The episode then moves north to Greenland and the Arctic, where Turner sees the next strategic battlefield. The region is rich in undiscovered oil and gas and packed with rare earth minerals that are essential for everything from smartphones to advanced military systems and AI hardware. China already dominates 90–95 percent of the rare earth market, and calling itself an “Arctic nation” is part of its strategy to justify a foothold in the region. Strengthening America’s position in Greenland and the broader Arctic is, in Turner’s view, another way to undercut Beijing and secure the resources needed for the next era of technology and defense.
Energy, AI, and America’s future
Turner describes this moment as the first time in history when power and energy translate directly into intelligence. AI systems require enormous amounts of electricity to train and operate at scale, meaning the nations that can bring abundant, affordable energy online fastest will dominate the next wave of innovation.
He isn’t anti‑AI; he likens today’s anxiety around artificial intelligence to the early fear of the internet and believes that, in the right hands, AI can yield medical breakthroughs and turbocharge human productivity. But he argues that “the right hands” have to be American hands, and that requires robust, reliable domestic energy—especially fossil fuels—to power data centers, networks, and compute infrastructure.
Why energy dominance matters
Throughout the episode, Turner returns to one core theme: energy dominance is not just an economic slogan, it is a strategy for peace. If America uses its own abundant oil, gas, and coal to keep prices stable, fuel allies, and deny adversaries the revenues they need to build armies and terror networks, fewer American service members will be asked to fight and die in foreign wars.

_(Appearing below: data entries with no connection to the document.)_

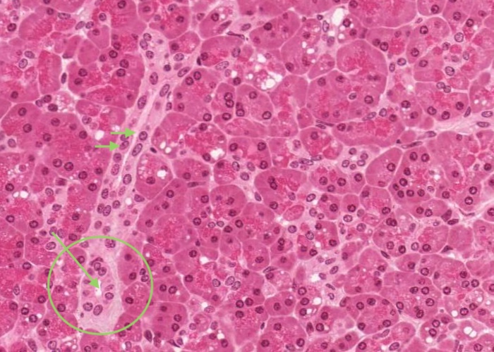 One histological feature worth pointing out (but will be revisisted with the Trichrome stained image) is the centroacinar cell.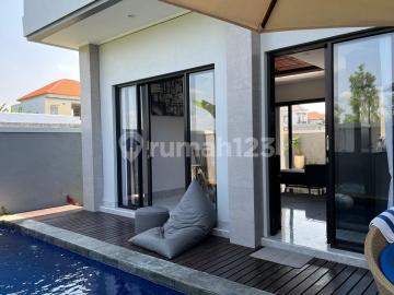 Rumah furnish bergaya villa di Denpasar Timur Lt 130m2 Lb 150m2 3 km.tidur , 3 km.mandi hadap Timur air sumur bor akses 4 mtr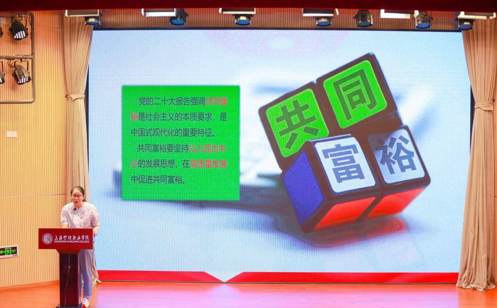 第一党支部吴福妹老师首先带来微党课《促进共同富裕的现实必要性》,她以深入浅出的讲解引导党员教师正确理解和把握共同富裕思想的价值目标,更好肩负起责任使命,走好新时代的共同富裕道路。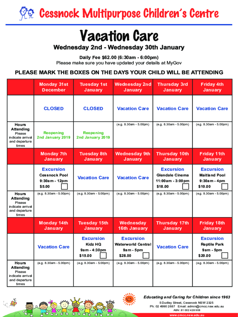 Daily Fee $62.00 (6:30am 6:00pm) Please make sure you have updated your details at MyGovPLEASE MARK THE BOXES ON THE DAYS YOUR CHILD WILL BE ATTENDINGHours AttendingPlease indicate arrival and departure
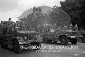 Franco con el Príncipe, presiden el Desfile de la Victoria. El Rey Simeón de Bulgaria en la tribuna con el Infante D. Alfonso de Borbón de uniforme de Alférez de la Milicia Aérea Universitaria. El Príncipe con el Almirante Carrero Blanco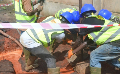Sur le terrain, les travaux géotechniques du deuxième puits souterrain ont commencé. Il s’agit d’analyser la nature et la solidité du sol pour y installer un micro-tunnelier. Cet engin percera un tunnel de 7,5 km destiné à évacuer les eaux de pluie vers le fleuve Zio.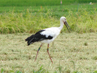 うしろでコウノトリがコンバインが動き出すのを待っています。えさになるバッタやカエルが動くのを待っているのです。コンバインについてくるんですよ。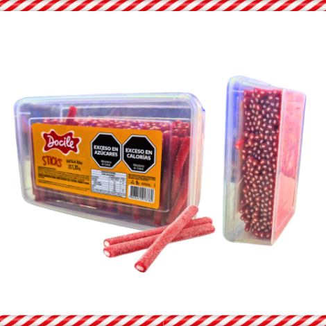 Gomitas Docile Sticks sabor frutilla acida en tupper de 1,350 gramos.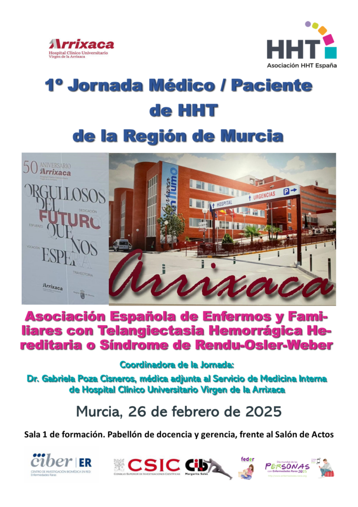 Dentro del marco de las actividades relacionadas con el Día Mundial de las enfermedades raras que se celebra en el mes de febrero, nuestra asociación se suma celebrando una jornada médico/paciente de afectados de Telangiectasia Hemorrágica Hereditaria en el Hospital Universitario Virgen de la Arrixaca de Murcia.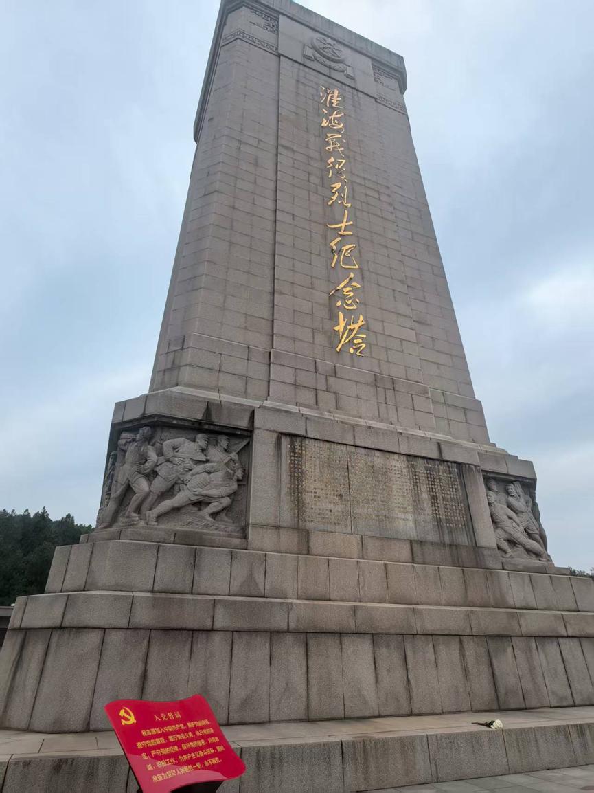 活动伊始,实践队员们来到庄严肃穆的淮海战役烈士纪念碑下。巍峨的纪念塔矗立在天地间,“淮海战役烈士纪念塔”几个金色大字,在阳光下闪耀着神圣的光芒,仿佛在无声铭记着那段血与火的峥嵘岁月。塔座四周的浮雕,生动再现了淮海战役中战士们为英勇奋战,抛头颅洒热血的英姿以及人民群众团结一心踊跃支前的局面。石碑上的每一道刻痕都承载着历史的厚重。讲解员深刻入微的讲解使实践队员们再次接受心灵洗礼,更加深刻理解了淮海战役的精神,强化了红色精神的信念。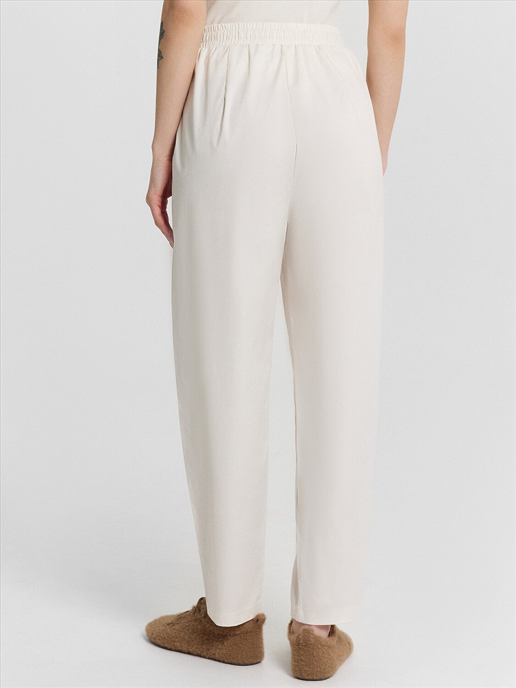 Разнообразьте свой гардероб этими невероятно стильными женскими брюками с высокой посадкой на талии. Они предлагают уникальное сочетание элегантности и комфорта, делая каждый ваш городской образ безупречным. Модель зауженного книзу кроя, подчеркнет изящность вашей фигуры. Эластичный пояс на кулиске не только обеспечивает идеальную посадку, но и добавляет элемент удобства, который будет особенно полезен в повседневной носке. Боковые карманы добавляют стильный акцент дизайну. Изделие выполнено из высококачественного натурального хлопка с небольшим содержанием эластичных волокон, что гарантирует комфорт на протяжении всего дня. Дышащий материал и эластичность ткани обеспечат свободу движения в любой ситуации. Такие брюки станут идеальной основой для множества образов, от повседневных прогулок по городу до уютных вечеров с друзьями.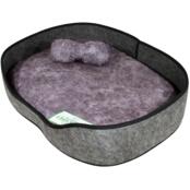 Закруглена форма створює компактний вигляд і практичність вже тільки від конструкції та форми лежачка. Немає прямих кутів, які так заважають при будь-яких переміщеннях в просторі оселі. Завищений твердий борт основи додає захисту та затишку під час відпочинку. Матрац на блискавці. Наповнювач можна змінювати та додавати. Іграшка-бонус в тон матраца підкреслює витриманий стиль в усьому. Така м'якенька кісточка-бантик цікава і в іграх, і під час сну, коли малеча обіймає її та спокійно відпочиває.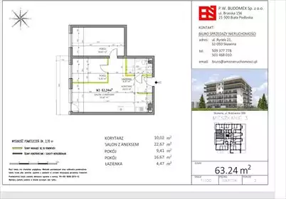 Mieszkanie o powierzchni 58,93 m2 położone z II piętrze pięciopiętrowego budynku. Składa się z pokoju dziennego z aneksem kuchen...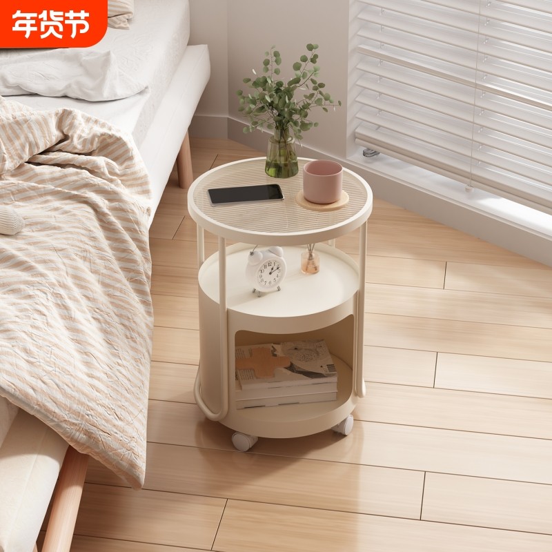 奶油风移动边几沙发边柜可移动茶几客厅零食小推车置物架床头桌子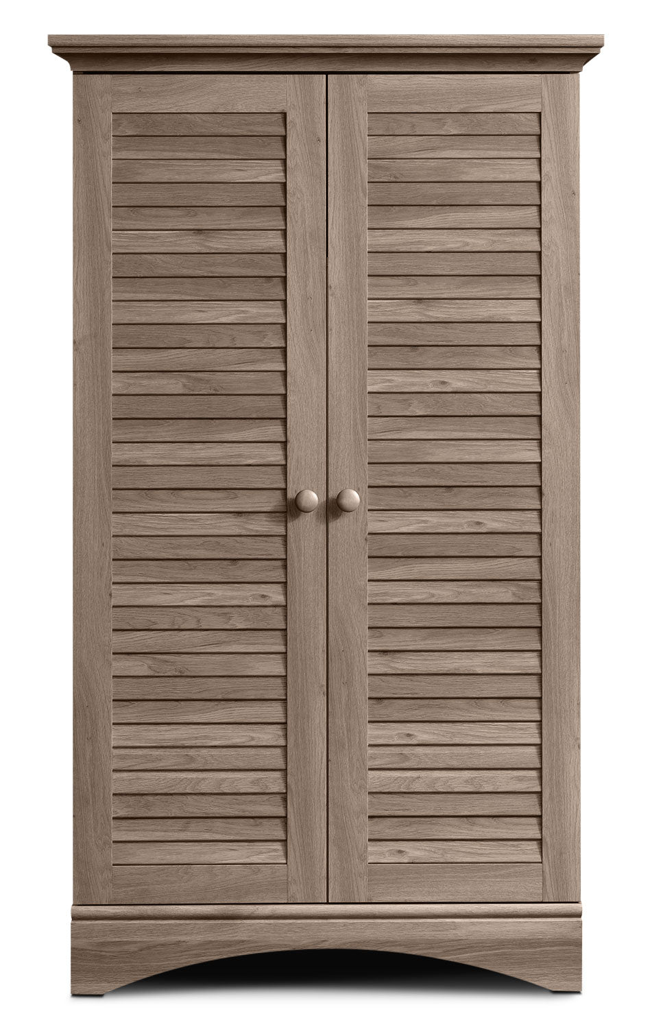 Countrified roots and contemporary flair combine in this charming Harbor View storage cabinet. Finished in a rustic salt oak, the horizontally-slatted doors and solid wood knobs radiate shaker-style simplicity with the perfect touch of splendour. This transitional cabinet complements both contemporary and traditional styles, making it easy to integrate into your decor. What's more, engineered wood overlaid with paper laminate creates a durable piece that withstands the rigours of daily use.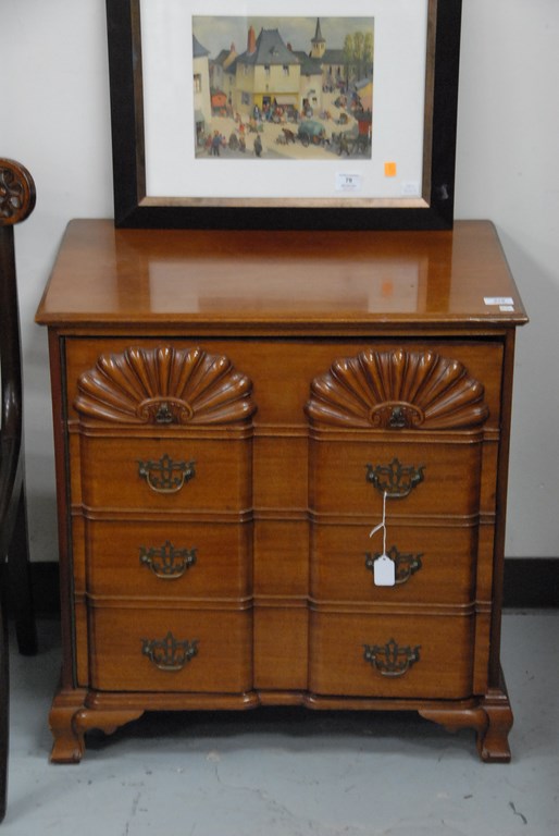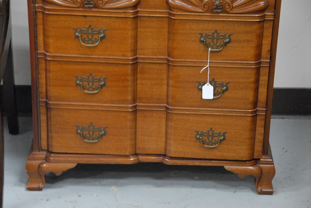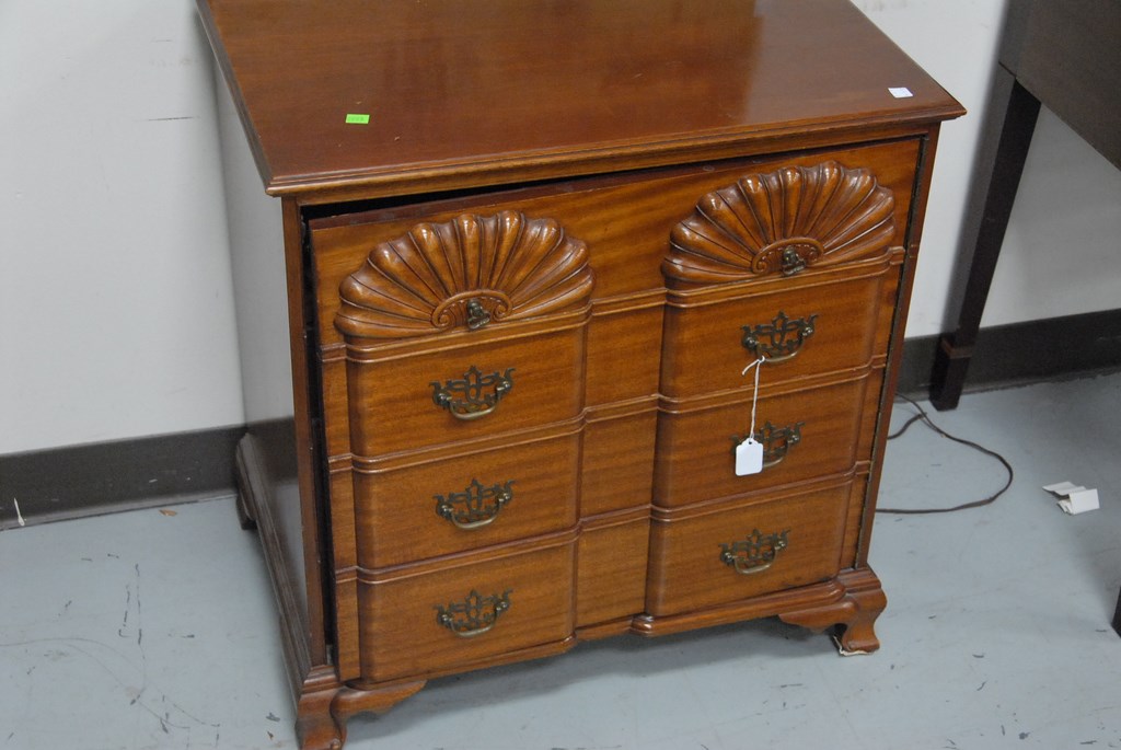 Lot 278: Pair of signed Margolis mahogany cabinets with carved block fronts and four faux drawers as doors opening to reveal stereo, speaker,…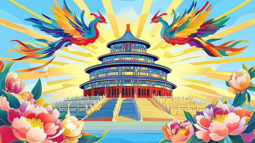 本作品内容为国庆飞翔的凤凰与天坛建筑插画, 格式为 jpg, 大小4 MB, 图片尺寸为2912 x 1632, 源文件无水印, 欢迎使用熊猫办公。 如认为平台内容涉嫌侵权,可通过邮件:tousu@tukuppt.com提出书面通知,我们将及时处理。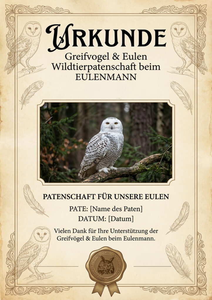 Eine offizielle Urkunde vom Eulenmann über Ihre Wildtierpatenschaft für das aktuelle Jahr.
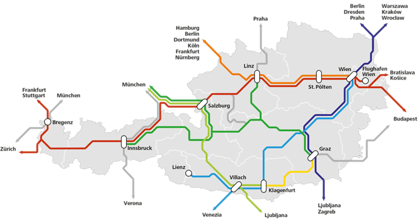 参考に長距離列車網を示します(図3)。左右に伸びる赤線が該当し、中央付近のザルツブルク(Salzburg)とリンツ(Linz)の間が本区間に該当します。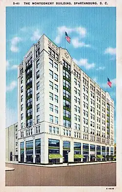 The Montgomery Building, listed on the National Register of Historic Places, is an iconic building located on Church Street in Spartanburg, Spartanburg County, South Carolina. It was built in 1924, and is a ten-story, nine-bay-wide, steel frame skyscraper faced in precast concrete. It originally housed the offices of textile companies, cotton brokers, and factories. The building also contained a theatre/auditorium space, a radio and television station. The Montgomery Building was the tallest building in Spartanburg until the 1950s.[2][3] In 2016, a developer announced a $29 million plan to renovate the building for mixed-use to include apartments, offices and retail.[4] Restoration began in Spring 2017 and was completed in December 2018.[5]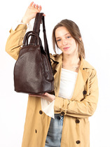 Рюкзак женский выполнен из экокожи. Детали: 2 регулируемые ручки по 102 см. соединяющиеся в одну при помощи молнии, 2 маленькие ручки для держания в руке. Внутри изделия: 1 основное отделение на молнии, 2 открытых кармана, 1 карман для мобильного телефона, 1 карман на молнии. Снаружи изделия: 1 карман на молнии спереди, 1 карман на молнии на оборотной стороне. Брендированная подкладка из хлопка. Металлическая брендированная фурнитура серебристого цвета. В комплекте фирменный пыльник.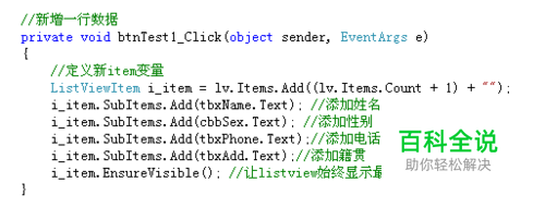 添加按钮【新增】代码 定义新item变量,将文本框中的数据导入到listview中。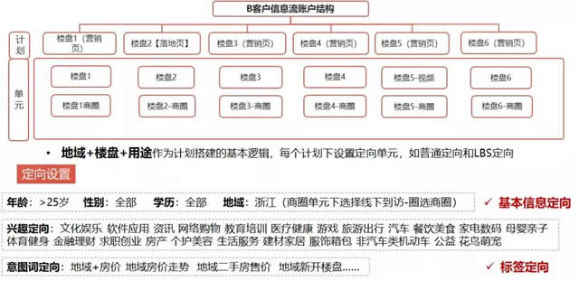 B客户:日消费500-5000元 地域+楼盘+用途作为计划搭建的基本逻辑,每个计划下设置定向单元,如普通定向和LBS定向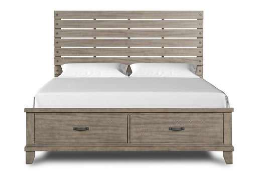 New ClassicFairfax Collection by New Classic Furniture Driftwood finish 2 Drawers in the footboard Crafted from poplar, birch and maple solids and veneers Ke...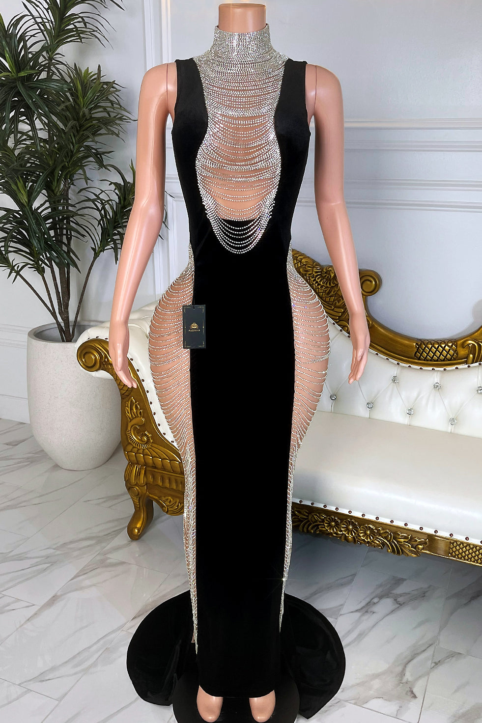 Dramatic cutout illusion at the front with cascading crystal drapes that frame the bust and waist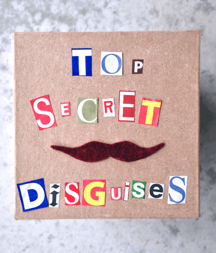 I made storage boxes for both sets out of paper mache boxes I got at the craft store and decorated, but you could use old hat boxes, shoe boxes, or even an old briefcase. If you’d like to add a little more to the disguise kits, the dollar store is great for glasses, badges, crowns, etc. This could become the coolest gift ever!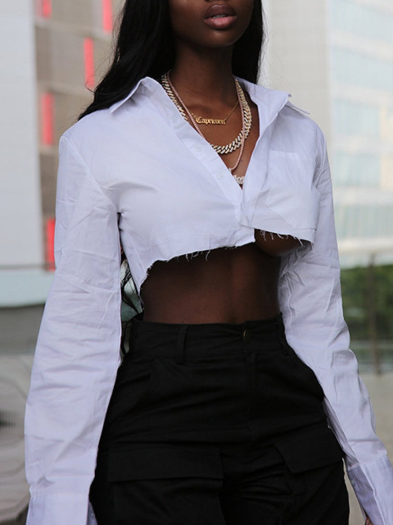 The Crop Top Raw Edge Blouse F4138 is a sensational customer favorite, and we hope you like it just as much.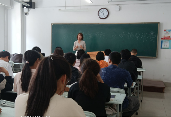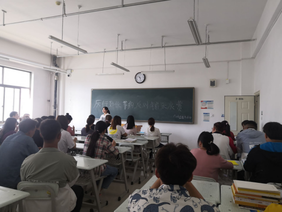 各班班主任以PPT讲解、观看短视频的方式,组织召开了形式多样、内容丰富的主题班会。班主任从党中央关于践行“厉行节约、反对浪费”的历程,向学生讲解党中央对于厉行勤俭节约的坚定决心和已取得的成效。告诫同学们一个人浪费一点粮食不显眼,但全社会加起来就是一个天文数字,餐饮浪费不是小事,事关我国粮食安全,事关社会道德风尚,事关良好作风养成,疫情敲响的警钟不允许我们有丝毫浪费的行为,勤俭节约,反对浪费贵在平时,重在坚持,希望同学们能珍惜当下来之不易的生活环境和学习环境。要求班委和学生党员作为学生中的标杆和领头羊,要做到以上率下,用自己节约的习惯与行动影响其他同学,起到榜样的作用。各班班主任倡议同学们在食堂用餐时,遏制“舌尖上的浪费”,践行“光盘行动”,按量所取,吃光盘子中的食物;用水时,坚决杜绝“长流水”现象;离开教室图书馆随手关灯,节约每一度电。

Energy abundance at home means cheaper goods, more resilient supply chains, and higher living standards for American families. Abroad, it means keeping Vladimir Putin, the Ayatollahs in Iran, and the Chinese Communist Party from ever becoming rich enough to turn their ambitions into global chaos.
Turner closes with a personal story about his father’s passing, pointing out that even the dignity of a peaceful, comfortable death in a modern hospital is made possible by fossil fuels—from the steel in the IV stand forged with coal, to the plastic tubing made from oil, to the carefully controlled gases derived from natural gas. For him, fossil fuels are the great equalizer, giving ordinary people a quality of life that kings of old could only dream about—and that’s why he refuses to stop fighting for American energy, with America first but the free world in mind.